Department of Genetics, Yale School of Medicine, New Haven, CT, USA.
Murdoch Children's Research Institute, Royal Children's Hospital, Melbourne, Victoria, Australia.
Nature. 2024 Nov;635(8038):390-397. doi: 10.1038/s41586-024-08048-x. Epub 2024 Oct 16.
Mitochondrial DNA (mtDNA) has an important yet often overlooked role in health and disease. Constraint models quantify the removal of deleterious variation from the population by selection and represent powerful tools for identifying genetic variation that underlies human phenotypes. However, nuclear constraint models are not applicable to mtDNA, owing to its distinct features. Here we describe the development of a mitochondrial genome constraint model and its application to the Genome Aggregation Database (gnomAD), a large-scale population dataset that reports mtDNA variation across 56,434 human participants. Specifically, we analyse constraint by comparing the observed variation in gnomAD to that expected under neutrality, which was calculated using a mtDNA mutational model and observed maximum heteroplasmy-level data. Our results highlight strong depletion of expected variation, which suggests that many deleterious mtDNA variants remain undetected. To aid their discovery, we compute constraint metrics for every mitochondrial protein, tRNA and rRNA gene, which revealed a range of intolerance to variation. We further characterize the most constrained regions within genes through regional constraint and identify the most constrained sites within the entire mitochondrial genome through local constraint, which showed enrichment of pathogenic variation. Constraint also clustered in three-dimensional structures, which provided insight into functionally important domains and their disease relevance. Notably, we identify constraint at often overlooked sites, including in rRNA and noncoding regions. Last, we demonstrate that these metrics can improve the discovery of deleterious variation that underlies rare and common phenotypes.

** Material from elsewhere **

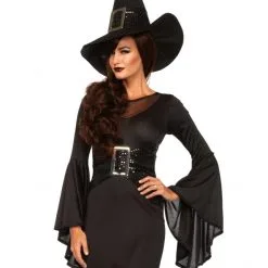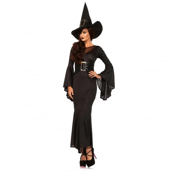 Ce costume 2 pièces est composé d’une robe longue et moulante avec des manches évasées en tissus transparent et fluide. Elle est décoré par une jolie ceinture en sequin et muni d’une boucle argentée. Pour compléter votre tenu le chapeau assorti noir est fourni.

线粒体 DNA(mtDNA)在健康和疾病中具有重要但常被忽视的作用。约束模型通过选择量化了从群体中去除有害变异的程度,是识别导致人类表型的遗传变异的有力工具。然而,由于 mtDNA 的独特特征,核约束模型不适用于 mtDNA。在这里,我们描述了一种线粒体基因组约束模型的开发及其在大规模人群数据集 Genome Aggregation Database(gnomAD)中的应用,该数据集报告了 56434 名人类参与者的 mtDNA 变异。具体来说,我们通过将 gnomAD 中的观察到的变异与中性条件下预期的变异进行比较来分析约束,这是通过使用 mtDNA 突变模型和观察到的最大异质性水平数据计算得出的。我们的结果突出了预期变异的大量消耗,这表明许多有害的 mtDNA 变体仍然未被发现。为了帮助发现这些变体,我们为每个线粒体蛋白、tRNA 和 rRNA 基因计算了约束指标,这些指标显示出对变异的不同容忍程度。我们进一步通过区域约束来描述基因内最受约束的区域,并通过局部约束来确定整个线粒体基因组内最受约束的位点,这显示出致病性变异的富集。约束也在三维结构中聚集,这提供了对功能重要域及其疾病相关性的深入了解。值得注意的是,我们在 rRNA 和非编码区域等经常被忽视的位点发现了约束。最后,我们证明这些指标可以提高对稀有和常见表型的基础有害变异的发现。